Daniel J. Munoz//December 7, 2020//
Daniel J. Munoz//December 7, 2020//
New Jersey is lowering theCOVID-19 quarantine period that out-of-state travelers should observe – from 14 to 10 days – falling in line with recommendations put out last week by federal health officials.
Under the state Health Department’s guidelines, posted on Dec. 5, travelers should self-isolate for 10 days if they test positive for COVID-19, or if testing is not available. They should self-quarantine for seven days after travel, if they test negative.
Tests should be done between one to three days before the trip, and between three to five days after the trip, falling in line with what the Centers for Disease Control and Prevention introduced last week.
The state scrapped its previous COVID-19 travel advisories as the nation found itself in the midst of a second wave, rendering those guidelines obsolete.
With COVID-19 cases surging across the country, travelers coming in from any of the non-neighboring states are urged to follow these new travel restrictions- neighboring states include Connecticut, Delaware, New York and Pennsylvania.
Gov. Phil Murphy and other state and federal health officials have discouraged any non-essential travel, especially the family gatherings typical of the holiday season, as COVID-19 daily cases surge to all-time record highs in the past week.
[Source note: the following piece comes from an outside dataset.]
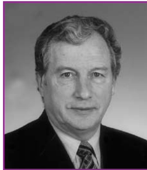
Michael Smith Iar-Theachta Dála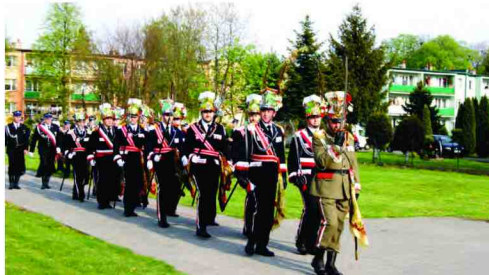
Straż Grobowa z Parafii Żurawiczki

Over 6,000 new cases were recorded for the first time ever, over the weekend.
Although those numbers were to be expected because testing capacity is greater than what existed during the first wave, state health officials have warned that many other metrics meant to gauge whether the pandemic is worsening are also moving in a worrying direction.
Hospitalizations, ventilator-usage, critical care patients and daily fatalities are all at their highest in months, as is the positivity rate among tests.
Essential travel over state lines is largely exempt, and that includes for going to work, medical reasons, military purposes or court orders such as child custody, according to the state health department.
Quarantine is voluntary but “compliance is expected,” according to the state Department in Health.
Murphy on Monday warned that these next few days will be “quite telling” on whether the state will experience a COVID-19 surge because of Thanksgiving travel.
“Anecdotally, people did the right thing at Thanksgiving,” Murphy said in an interview with 1010 WINS Dec. 7. “But we’re going to see whether or not the anecdotal evidence translates into the empirical evidence over the next number of days.”